Panienka spłoszyła się.
– Właściwie… doprawdy… No cóż, ona mówi do mnie “Panienko”…
– Panienko? – zdziwiła się Agna. – P a n i e n k i mieszkają w pałacach, a nie w opuszczonych starych domach. Nie noszą też takich zniszczonych ubrań, jak twoje. Raz w życiu widziałam z daleka prawdziwą panienkę. W Miasteczku. Była to córka Najeźdźcy. Przepięknie ubrana, wsiadała na konia, a jakiś żołnierz pomagał jej i mówił właśnie tak: “Proszę wsiadać, Panienko…” Chyba że byłaś kiedyś bardzo bogata, ale Najeźdźcy zabrali ci wszystko?
– Nie, nigdy nie byłam bogata – szepnęła Panienka. – Może kiedyś będę?
– Bogata byłabyś tylko wtedy, gdyby twoi rodzice poszli na służbę do Najeźdźców, jak nasz wójt – powiedziała Agna i zaraz dodała szeptem: – Moi rodzice i c h nienawidzą i dlatego mamy tylko te sześć owiec, więcej nic.

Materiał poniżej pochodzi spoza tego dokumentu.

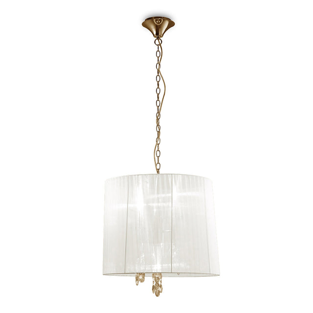 The combination of the warm French gold finish and the crisp white shade produces a refined contrast that emphasizes both clarity and softness. The crystal strands interact with the warm metallic tone, capturing subtle reflections that enrich the pendant’s layered character. The adjustable drop supports balanced placement without disturbing the proportional relationship between shade, tubes, and crystal. This interpretation of the Tiffany design highlights material harmony through warm metal, luminous crystal, and translucent fabric. The pendant demonstrates careful coordination of form, texture, and tone, resulting in a composed and sophisticated lighting piece.

Nawet krowy nie mamy. Zabrał wójt. Mówiłaś przed chwilą o n a. Chyba nie wyrażałaś się tak o swojej mamie?
– Nie. Ona to… to moja ciotka. Mama nie żyje.
– Biedna jesteś – rzekła Agna. – Chcesz, to dam ci kawałek mojego chleba?
– Nie, dziękuję, nie jestem głodna.
– Zazdroszczę ci. Ja prawie stale jestem głodna – westchnęła Agna. – Ale zaraz upiekę kilka ziemniaków w ognisku. Masz ochotę?
– Nigdy tego nie jadłam – wyznała Panienka.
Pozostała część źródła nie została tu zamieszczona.